Cruising the Green of Second Avenue

Wild Child Publishing has issued the second volume of short stories in Cruising the Green of Second Avenue. The tales take up where Vol. I left off — bringing back Klein the Biker, Straight Charlie and Sammy the Madman while introducing new characters stumbling over life’s difficulties in the late 60s. Vol. II is an e-book published by Wild Child Publishing that you can download, save as a pdf (Adobe) file and print. Read both volumes and see that life isn't all that serious. Find it at Barnes & Noble, Amazon and other online book sellers.

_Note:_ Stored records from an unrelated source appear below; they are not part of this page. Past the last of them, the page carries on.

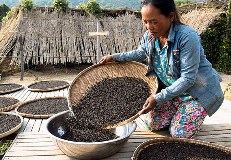 Pfeffer aus Kampot ist nämlich nicht einfach nur scharf, sondern besticht durch unzählige Aromen. „Die grünen Körner sind mild mit einer Zitrusnote. Der rote Pfeffer schmeckt süß und fruchtig. Der weiße hat eine herbe und der schwarze Pfeffer eine würzige Schärfe“, erzählt Sorn Sothy, die mit ihrem deutschen Mann Norbert Klein eine Pfefferplantage führt, die ihre Tore für Besucher öffnet.
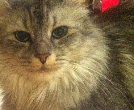 Ikke så stor langhåret katt som har et litt slitt sølv halsbånd og chip i nakken.
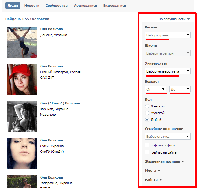 Поиск людей ВКонтакте по месту работы, учебы, военной службе, интересам и т.п.
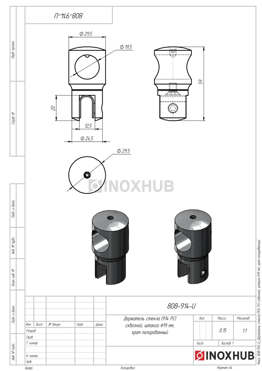 Держатель стекла (914 PC) сквозной, штанга Ø19 мм, полированный хром в продаже. Оперативная доставка со склада в Москве. Все товары соответствуют стандартам качества.
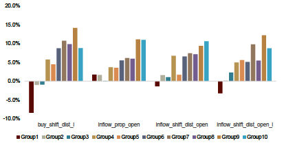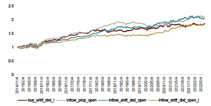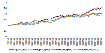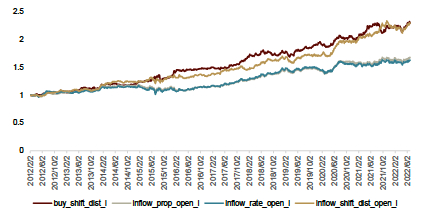 中证500范围内,buy_shift_dist_l和inflow_shift_dist_open_l因子的多头组合显著跑赢基准,具有较好的选股能力。而inflow_prop_open_l和inflow_rate_open_l因子则分组收益的单调性相对较差。
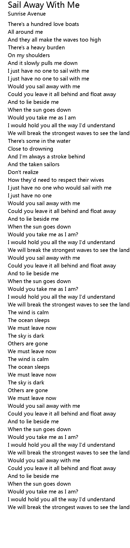 Would you sail away with me |
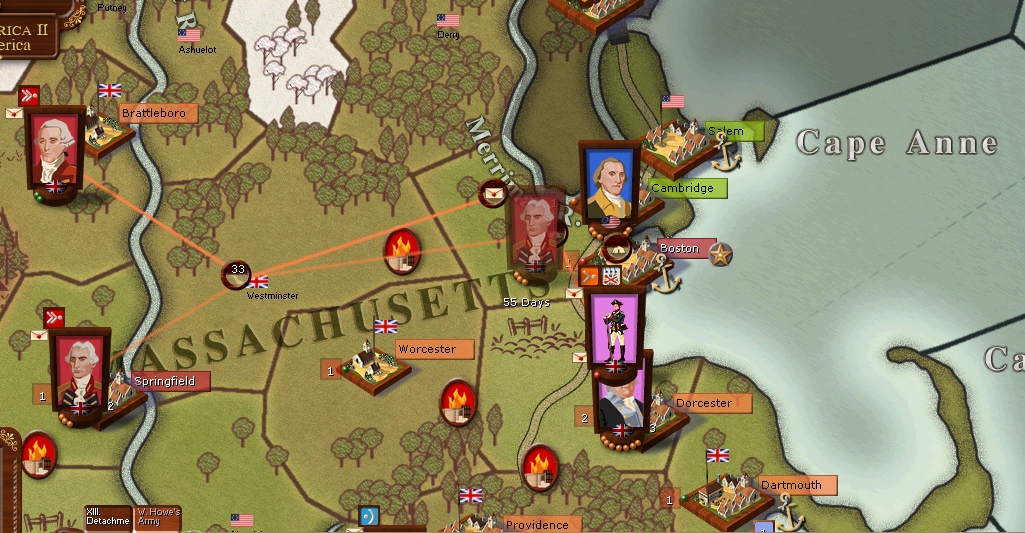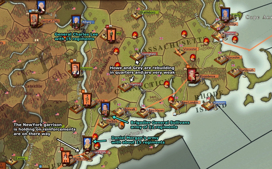 The armies in New England are resting for the moment in the hope that i can resume operations soon however a lot of the battalions are well below strengh.
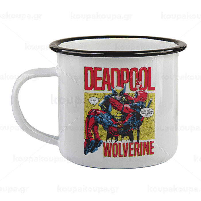 Superhero Deadpool Wolverine, Κούπα εμαγιέ με μαύρο χείλος 360ml
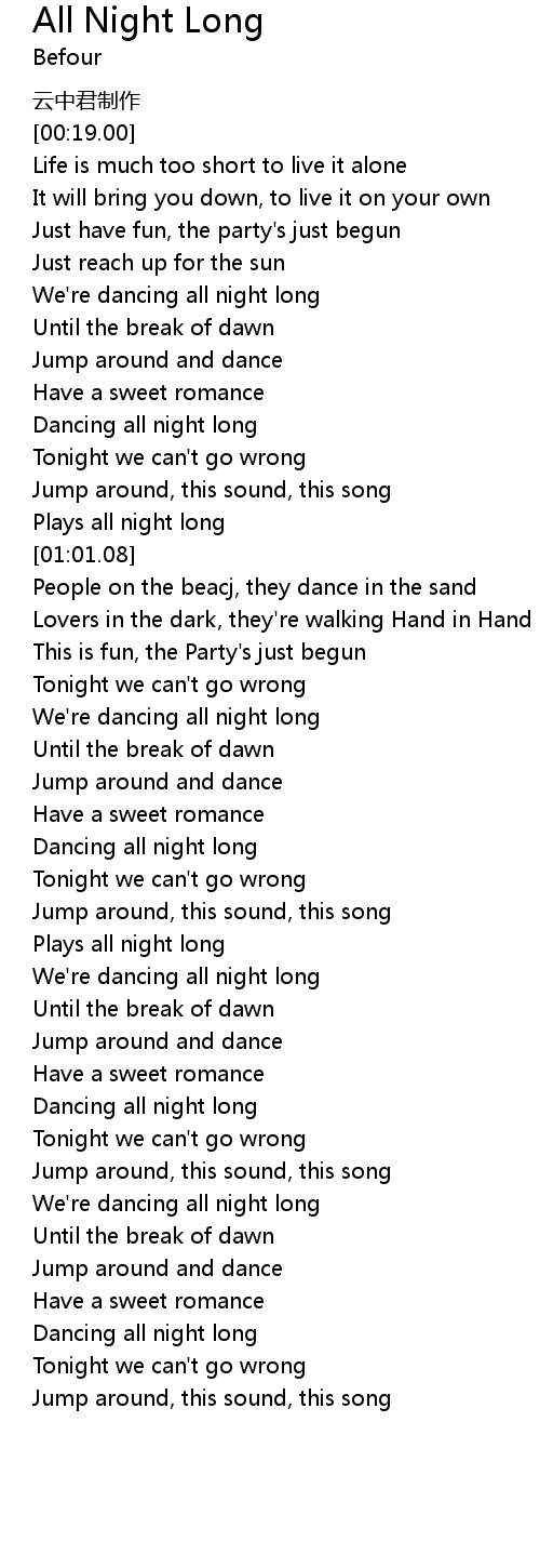 | [00:40.37] | We' re dancing all night long |
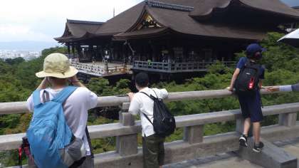 1日目は清水寺や二条城、金閣寺など、多くの歴史的建造物を見学しました。気温が高くとても暑い中、頑張って歩きました。京都の食事では、子どもたちにとって初めて目にするものがあったかもしれませんが、興味津々といった様子で口にする姿が見られました。夕食後の伝統工芸体験活動では、絵付け体験や念珠づくりに挑戦し、見事素敵な作品ができあがりました。
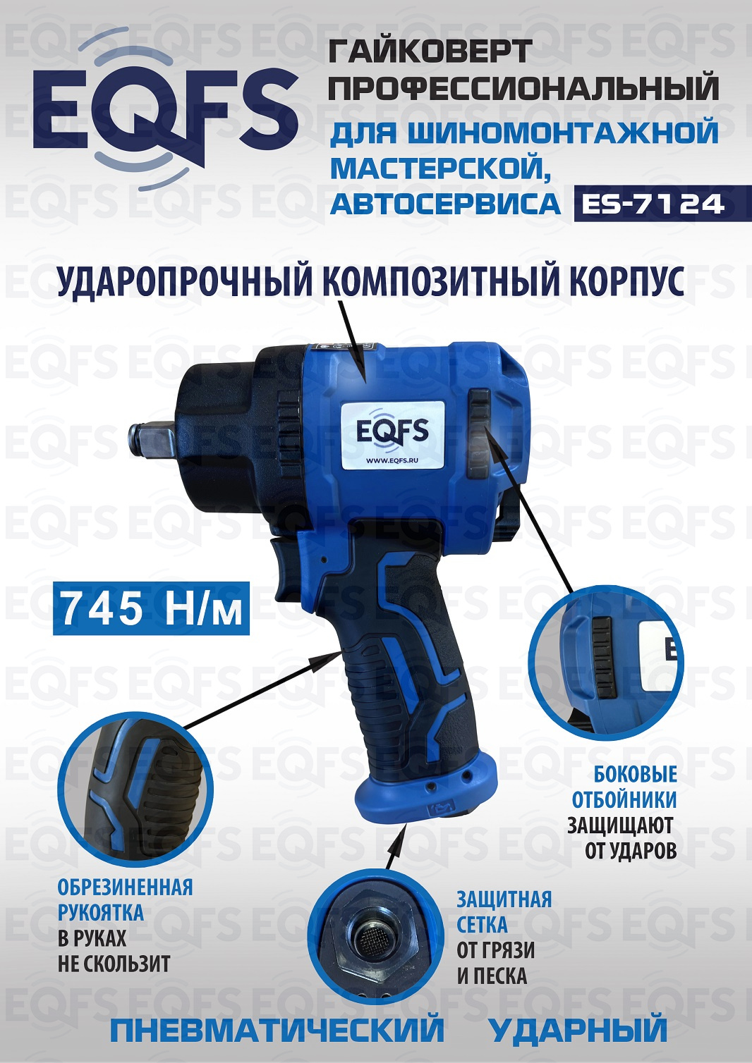 Преимущества ES-7124 Пневмогайковерт 1/2" короткий:
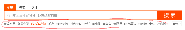 首先是淘寶首頁搜索框底下的小字,它會經(jīng)常更新,那里面可能就有你要的神詞。點擊更多按鈕還會出現(xiàn)“今日關(guān)注上升”和“一周入門關(guān)注”詞,那里也是神詞頻繁出現(xiàn)的地段。

Saturday, October 15, 2016

Last Stop on the Underground Railroad


Imagine running for your life, hoping the man whose wagon you’re in was an abolitionist and not a slave-catcher, not knowing where you were heading except it was north.  Away from family, friends, the plantation.  And finally you’re out — free! — in Timbuctoo.
 

The place half an hour south of Trenton, in Westampton Twsp., was sanctuary to runaway slaves.  Beginning in the 1820s, freed and escaped slaves formed a town.  They survived there through the end of slavery in New Jersey, the Fugitive Slave Act and the Jim Crow era.  The last families didn't leave until the 1950s.  At its peak, Timbuctoo was home to more than 150 people.
 

But it wasn’t a total sanctuary.  In 1860 the “Battle of Pine Swamp” took place in Timbuctoo, as reported in the New Jersey Mirror, a local newspaper.  It involved armed residents of Timbuctoo preventing the capture of Perry Simmons, a fugitive slave living in Timbuctoo, by a southern slave catcher.
 

Today, Patricia Markert of Temple University and about a dozen other archaeologists are digging and cleaning the site to confirm that slaves, and a few immigrants and native Americans settled this area.  No one knows if the name, “Timbuctoo,” was chosen by the blacks or by the Quakers who offered them assistance.  
 

So far, Markert and the diggers have found bricks that were cast off from a nearby Quaker brickyard.  And bottles, tools and toys dug up from the ground.  Near the dig is a van that has become a temporary museum.  Ziploc bags sit where the van’s seats would be, full of categorized artifacts, waiting to go to Temple University for cleaning.  The National Public Radio profile reports a lot of those artifacts are bottles for household products, like Listerine and Vaseline.  Most of the brand names on the bottles are national, because white-owned local stores rarely sold to the people of Timbuctoo.  Residents ordered supplies by mail so vendors wouldn't know they were black.
 

The Westampton website notes the village was located on the North Branch of Rancocas Creek in Burlington County, making Timbuctoo easily accessible from the Delaware River.  And made it a strategic location for the Underground Railroad.  Settlers there had access to tidal waters and wetlands for fishing and hunting as well as fields for farming.  Two major brickyards nearby offered employment.

 

National Public Radio profiled the recovery effort, noting one local volunteer is 75-year-old Mary Weston, who lives just down the street.  She says, “My great-great-great-grandfather actually purchased the land for, what was it, $38 dollars and 50 cents?  He was one of the original inhabitants of Timbuctoo.”  In her home,  she shows off her favorite piece of Timbuctoo history: her family Bible.  “It was passed down to me from the 1800s,” says Weston.  “I keep it together with a belt, because….  I am determined that my children and my grandchildren will know a lot more about not only their family, but about their heritage, who they are, where they came from.”

 

Westampton's mayor, Sidney Camp, was instrumental in getting the dig started and frequently visited the clearing before he knew it was Timbuctoo.  “When I was having a bad day, I would come out here and just stand in the middle of this field, because it’s so peaceful and so serene,” he says.  “To come out now and see what I've been standing over for so many years — it's amazing.  It's indescribable.”

 

Westampton celebrates Timbuctoo Day each May.  During this town-wide celebration, guests are invited to explore the original village site; a Civil War reenactment by the Sixth Regiment U.S. Colored Troops; walking tours of the 19th century village; visits to the church’s burial grounds with graves of Civil War soldiers; and an archeological exhibit and music by local church groups.